To start out from the beginning to make a GAI friendly through some other means seems rather ambitious to me. Why not just work on AI now, make sure when you’re getting close to the goal, that the AI is suitably restricted, and then finally use the AI itself as an experimental testbed for “personality certification”.
(Can someone explain/link me to why this isn’t currently espoused?)
This is essentially the AI box experiment. Check out the link to see how even an AI that can only communicate with its handler(s) might be lethal without guaranteed Friendliness.
I don’t think the publicly available details establish “how”, merely “that”.
Sure, though the mechanism I was referring to is “it can convince its handler(s) to let it out of the box through some transhuman method(s).”
Wait, since when is Eliezer transhuman?
Who said he was? If Eliezer can convince somebody to let him out of the box—for a financial loss no less—then certainly a transhuman AI can, right?
Certainly they can; what I am emphasizing is that “transhuman” is an overly strong criterion.
Definitely. Eliezer reflects perhaps a maximum lower bound on the amount of intelligence necessary to pull that off.
Didn’t David Chalmers propose that here:
http://www.vimeo.com/7320820
...?
Test harnesses are a standard procedure—but they are not the only kind of test.
Basically, unless you are playing chess, or something, if you don’t test in the real world, you won’t really know if it works—and it can’t do much to help you do important things—like raise funds to fuel development.
I don’t understand why this comment was downvoted.
Yes, zero call asks a question many of us feel has been adequately answered in the past; but they are asking politely, and it would have taken extensive archive-reading for them to have already known about the AI-Box experiment.
Think before you downvote, especially with new users!
EDIT: As AdeleneDawner points out, zero call isn’t that new. Even so, the downvotes (at −2 when I first made my comment) looked more like signaling disagreement than anything else.
I downvoted the comment not because of AI box unsafety (which I don’t find convincing at the certainty level with which it’s usually asserted—disutility may well give weight to the worry, but not to the probability), but because it gives advice on the paint color for a spaceship in the time when Earth is still standing on a giant Turtle in the center of the world. It’s not a sane kind of advice.

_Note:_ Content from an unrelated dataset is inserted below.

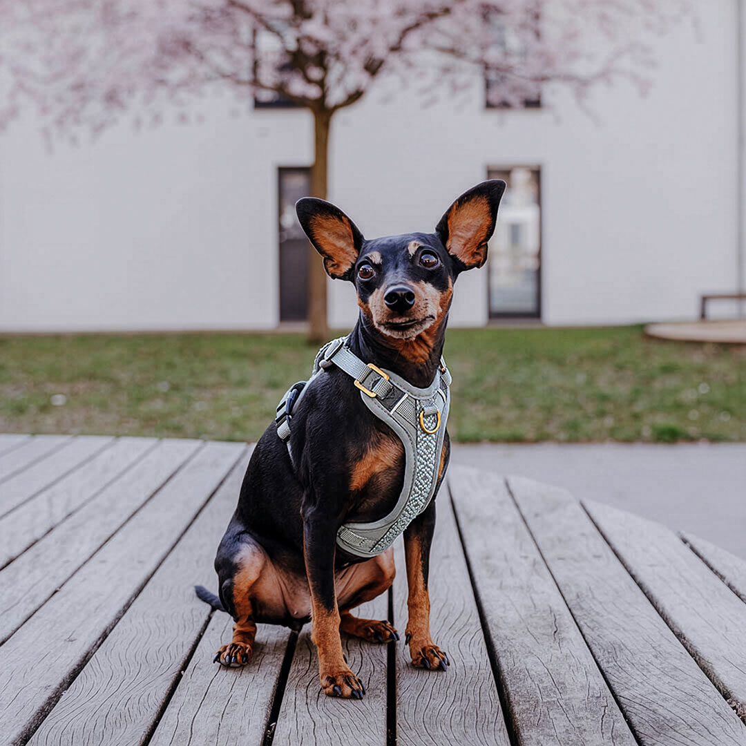 Soft neoprene combined with breathable mesh material ensures comfortable padding and an airy feel – even on longer walks. The harness is equipped with a practical handle on the back for more control in everyday life.

If I’d never heard of the AI-Box Experiment, I’d think that zero call’s comment was a reasonable contribution to a conversation about AI and safety in particular. It’s only when we realize that object-level methods of restraining a transhuman intelligence are probably doomed that we know we must focus so precisely on getting its goals right.
Vladimir and orthonormal,
Please point me to some more details about the AI box experiment, since I think what i suggested earlier as isolated virtual worlds is pretty much the same as what zero call is suggesting here.
I feel that there are huge assumptions in the present AI Box experiment. The gatekeeper and the AI share a language, for one, by which the AI convinces the gatekeeper.

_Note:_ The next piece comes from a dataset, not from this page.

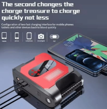 Car Air Pump Power Bank – A compact, 2-in-1 emergency tool that combines a fast air inflator with a portable power bank, keeping you safe and prepared on the road.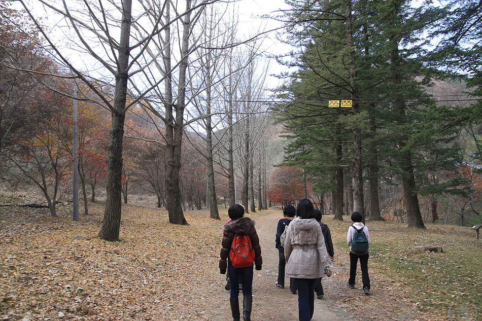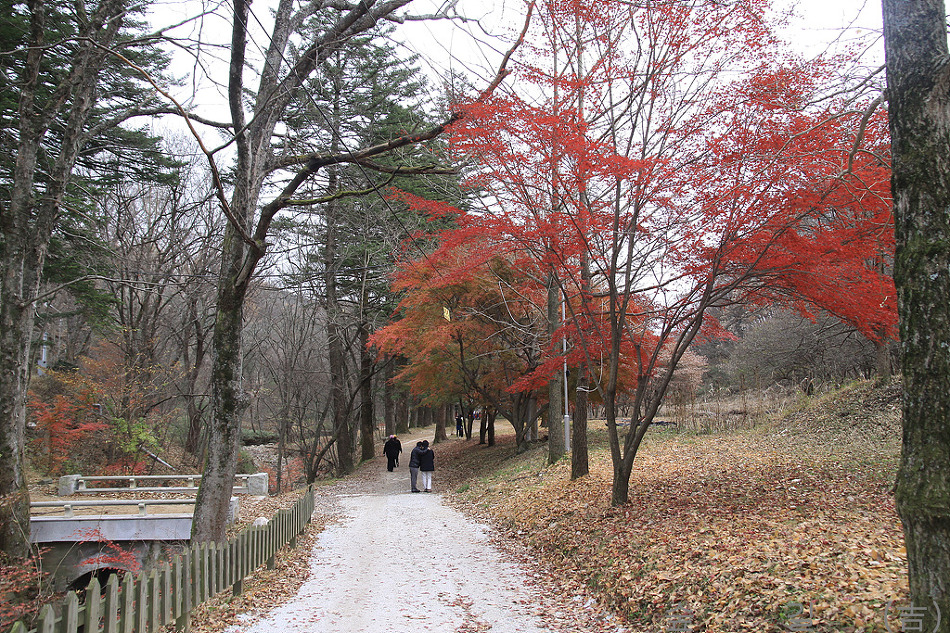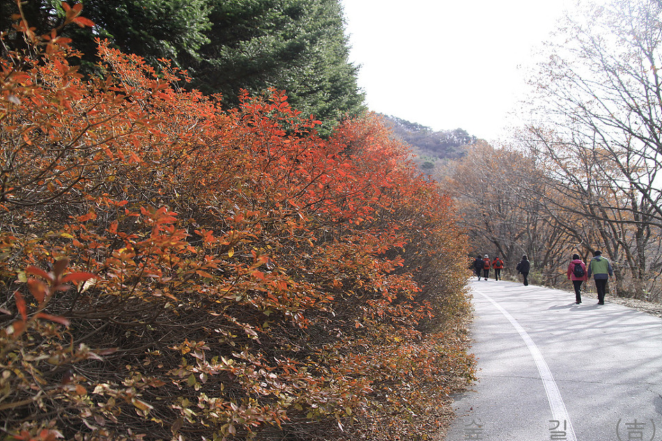 전나무 길이 끝나는 지점에 아직은 떨어지지 않은 단풍이 있어 가을의 정취를 맛보게 해주었다.

If AGI is your only criteria without regards to friendliness, just make sure not to communicate with the AI. Turing tests are not the only proofs of intelligence. If the agi can come up with unique solutions in the universe in which it is isolated, that is enough to understand this algorithm is creative.

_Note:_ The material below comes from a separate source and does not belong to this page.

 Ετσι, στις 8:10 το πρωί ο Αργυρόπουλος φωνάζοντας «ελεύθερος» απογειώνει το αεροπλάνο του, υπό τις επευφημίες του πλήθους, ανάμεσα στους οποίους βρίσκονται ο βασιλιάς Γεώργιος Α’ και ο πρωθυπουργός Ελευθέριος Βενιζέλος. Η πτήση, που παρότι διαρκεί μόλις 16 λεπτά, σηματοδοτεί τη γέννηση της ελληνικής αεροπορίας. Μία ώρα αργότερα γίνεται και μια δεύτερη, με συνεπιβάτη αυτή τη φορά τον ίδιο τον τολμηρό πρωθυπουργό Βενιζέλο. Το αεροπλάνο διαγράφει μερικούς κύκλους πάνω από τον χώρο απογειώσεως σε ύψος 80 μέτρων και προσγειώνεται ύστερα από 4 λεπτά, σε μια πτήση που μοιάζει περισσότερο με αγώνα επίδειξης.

This just evoked a possibly-useful thought:
If observing but not communicating with a boxed AI does a good enough job of patching the security holes (which I understand that it might not—that’s for someone who better understands the issue to look at), perhaps putting an instance of a potential FAI in a contained virtual world would be useful as a test. It seems to me that a FAI that didn’t have humans to start with would perhaps have to invent us, or something like us in some specific observable way(s), because of its values.
Good thought, but on further examination it turns out that zero isn’t all that new—xe’s been commenting since November; xyr karma is low because xe has been downvoted almost as often as upvoted.